南極の昭和基地、日本企業による植物工場の研究
独自のLED技術により、完全人工光型植物工場システムを開発するキーストーンテクノロジー社は、植物育成用ランプの主力商品「収穫ACE」が南極の昭和基地にある植物工場に採用されている。
南極の昭和基地に導入されている植物工場は、試験的にはLED照明を入れているようだが、現在は主に、蛍光灯ランプによる5段の多段式にて、レタス・バジルといった葉野菜を栽培しており、株式会社みらい(現在のMIRAI株式会社、同社は破綻し、別会社へ事業譲渡され事業を継続中)のシステムを採用している。
このように南極でも、LEDや蛍光灯ランプを利用して生鮮野菜を栽培する取組みが行われているが、同様の研究が米国でも行われている。
アメリカの研究施設では、トマトなどの果菜類も生産
アメリカの南極基地では、1992年から小型の温室ハウス内にて実験的に葉野菜を栽培してきた。そして最近、基地のリニューアルの際に、アメリカ国立科学財団(National Science Foundation)の支援を受けて、以下の写真のような葉野菜やトマト等の果菜類を基地内で生産している。
※ 米国の南極基地の外観、施設栽培・植物工場による葉野菜生産の様子。黄色は高圧ナトリウムランプを使用しており、丈の高いトマトの試験栽培も行われている。

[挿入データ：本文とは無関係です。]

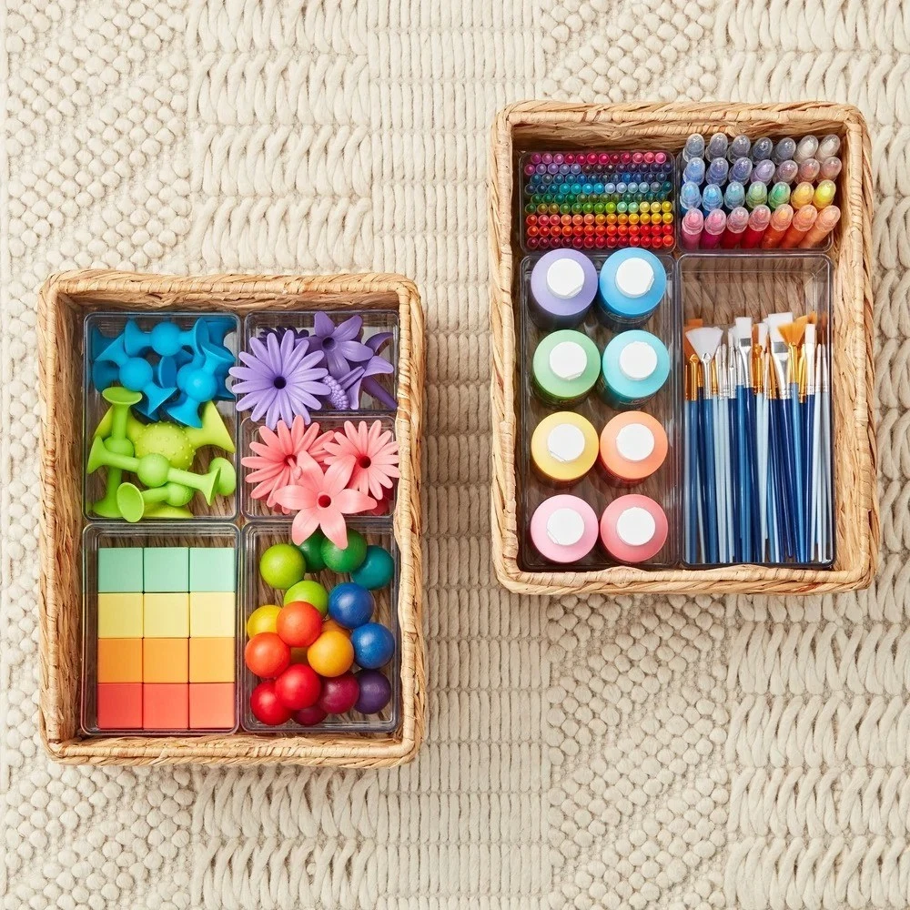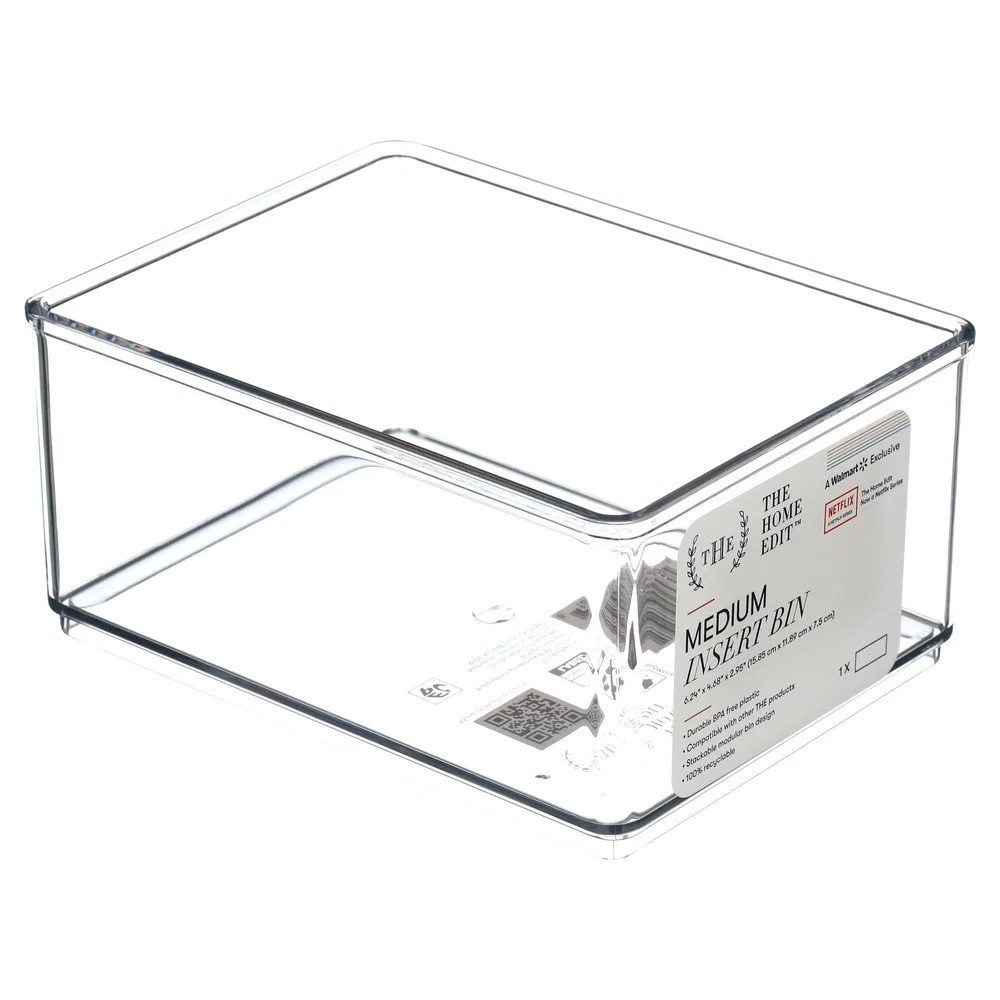 Product details This two-pack of Medium Clear Storage Bin Organizer Inserts (6.24" x 4.68" x 2.95") is here to help kick off your new organizational adventure. Plastic Modular Storage and Organizational System is perfect for decluttering and organizing the pantry, home office, bathroom, and more. Here at we believe that any space can function efficiently while looking beautiful with smart systems on your side. From tackling a toy room to freshening up your fridge, our products will help you get organized, and most importantly, keep it that way. Medium Clear Storage Bin Organizer Insert, 2 Piece, 6.24" x 2.95" x 4.68" As seen on Netflix Durable, BPA-free plastic Stackable modular bin design Inserts measure 6.24" x 4.68" x 2.95" Mix and match with other storage solutions Decorative items not included Specifications Recommended Use Toy Storage Recommended Room Closet, Kitchen, Bathroom, Kids Room Material Plastic Color Clear Finish Clear Number of Compartments 1 Count 2 Shape Rectangle Has Lid Y Features Stackable Cleaning, Care & Maintenance Hand Wash Only Theme Everyday Pattern Clear Age Group Adult, Teen, Child Assembled Product Weight 1 lb Size M Assembled Product Dimensions (L x W x H) 6.24 x 4.68 x 2.95 in

設備プラントの選択や総合的なコーディネータ・栽培指導は、アリゾナ大学にある植物育成の環境制御部門(CEA)が担当。建設・施工作業は、Sadler Machine Companyが担当しており、公開情報によると、2004年2月に栽培システムを導入している。
今後も南極や宇宙など、特殊環境下にて植物工場が活躍できるシーンも増えることが期待されており、日本や米国だけでなく、中国やロシア等、世界各国での実証試験が進められている。